17. Having considered the grounds urged in the second
appeal and the material available on record, admittedly there is
no dispute with regard to the relationship between the parties.
The main contention of the learned counsel for the appellants in
this second appeal by relying upon the judgment of the Apex
Court in the case of G. Sekar (supra) is with regard to vesting of
right where succession had already taken place. Operation of
2005 Amendment Act is prospective in nature as held by the
Apex Court and also the judgment of this Court in the case of
Rajendra (supra) wherein it is held by this Court that
amendment operates prospectively and it is also observed that
succession opened on 05.05.1992 on the death of the father i.e.,
prior to amendment to Section 6 in the year 2005 and hence the
very contention of the learned counsel for the appellants that the
Trial Court as well as the First Appellate Court have ignored the
document of registered partition which came into existence in
1997 and amendment came into effect in the year 2005. At the
most, the daughter is entitled for 1/5th share out of the share of
the father and not equal share in respect of the suit schedule
properties.
18. Having considered the grounds urged in the appeal
and also the principles laid down in the judgments referred
supra, this Court has to consider the material available on
record. There is no dispute with regard to the relationship
between the parties is concerned. The only dispute is with
regard to the entitlement of the share. It is borne out from the
records that the suit is filed for the relief of partition and for the
relief of declaration that the registered partition deed dated
19.02.1997 is not binding on the plaintiff's right, title and
interest over the suit schedule properties and hence claimed the
share in the suit schedule properties. It is the case of the
plaintiff before the Trial Court that she is the daughter of late
S.G. Govindappa and defendant Nos.1 to 5 are the legal heirs of
the said S.G. Govindappa along with the plaintiff. The other
sister passed away issueless and they are undivided Hindu joint
family and schedule 'A' and 'B' properties are joint family
properties and the same are in joint possession. It is contended
that item Nos.1 and 4 of 'A' schedule were tenanted lands
cultivated by S.G. Govindappa as a tenant during his lifetime and
he died intestate on 08.08.1975. Thereafter, the defendants
being the legal heirs succeeded to the tenancy and got the said
properties granted for the benefit of the family. It is the case of
the plaintiff that item Nos.2 and 3 of 'A' schedule property
absolutely belonged to S.G. Govindappa and it was granted to
him under darkasth by the Government. The 'B' schedule
property is an ancestral joint family property. It is her case that
defendant No.1 was managing the joint family properties with
the help of defendant No.2 after the death of the father S.G.
Govindappa.
19. Having perused the material available on record, the
Trial Court granted the relief of partition in respect of suit 'A'
schedule item Nos.2 and 3 properties and 'B' schedule property
and declined to grant any relief in respect of suit 'A' schedule
item Nos.1 and 4 properties. Being aggrieved by the same, an
appeal was filed by the appellants against the judgment and
decree of the Trial Court. The First Appellate Court rejected the
claim of the appellants having considered both oral and
documentary evidence placed on record and allowed the cross-
objection granting share in respect of all the suit schedule 'A'
and 'B' schedule properties to the extent of 1/6th share. The
First Appellate Court while allowing the counter claim,
particularly taken note of the documents Exs.P.19, 21 and 22
and also extracted the recitals of the document Ex.P.14, which
the defendants have relied upon that there was a partition. No
doubt, the partition deed is also a registered document wherein
it is categorically admitted that the suit schedule properties are
the joint family properties of the family and the same is
extracted in paragraph No.64 of the judgment. The First
Appellate Court also taken note of the document Ex.P.22 and the
same is crucial in order to ascertain whether item No.4 of the
suit schedule property was under the tenancy of S.G.
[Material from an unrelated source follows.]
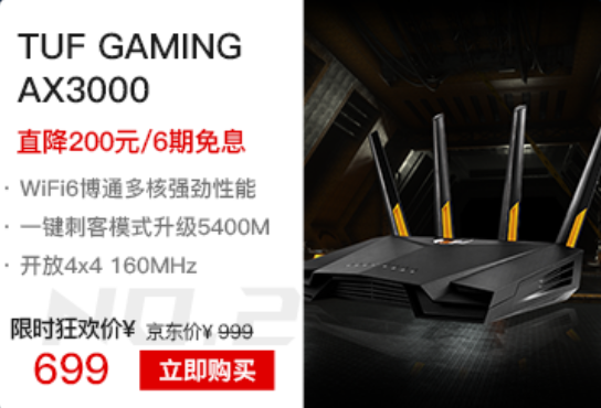 TUF GAMING AX3000电竞特工路由,粗旷棱角造型,军工级用料的采用博通WiFi6多核处理器,提供了强劲性能,支持一键刺客模式轻松升级5400M,支持WiFi6制式开放的4X4 160MHz,提供高速率无延迟电竞网络平台。同时内置UU游戏加速器,主机、PC、手机游戏全能加速,你能体验到网速如飞的感觉。年货节限时狂欢价699元,支持6期免息。

Govindappa and in the order it is clear that Sy.No.53 measuring
2 acres 23 guntas including phut kharab of Thoppinakatte
Village, Shimogga Taluk, is in possession and enjoyment of the
applicant since 15 years as genidar paying gutta and there are
no counter claims. The applicant has paid gutta upto 1975 and
the applicant claims comes under the purview of Section 6A of
the Karnataka (Religious and Charitable) Inams Abolition Act,
1955. It is also referred in the order that the applicant S.G.
Govindappa expired in the year 1975 leaving his wife and two
sons, one is minor. The khatha may be effected in the joint
names of S.G.Purushothama and Smt. Puttamma. Hence, the
very claim of the appellants that the said grant in favour of
defendants is an individual grant and the plaintiff is not having
any right cannot be accepted. There is an admission in the
partition document itself that all the properties are joint family
properties and also recitals of document Ex.P.22 is very clear.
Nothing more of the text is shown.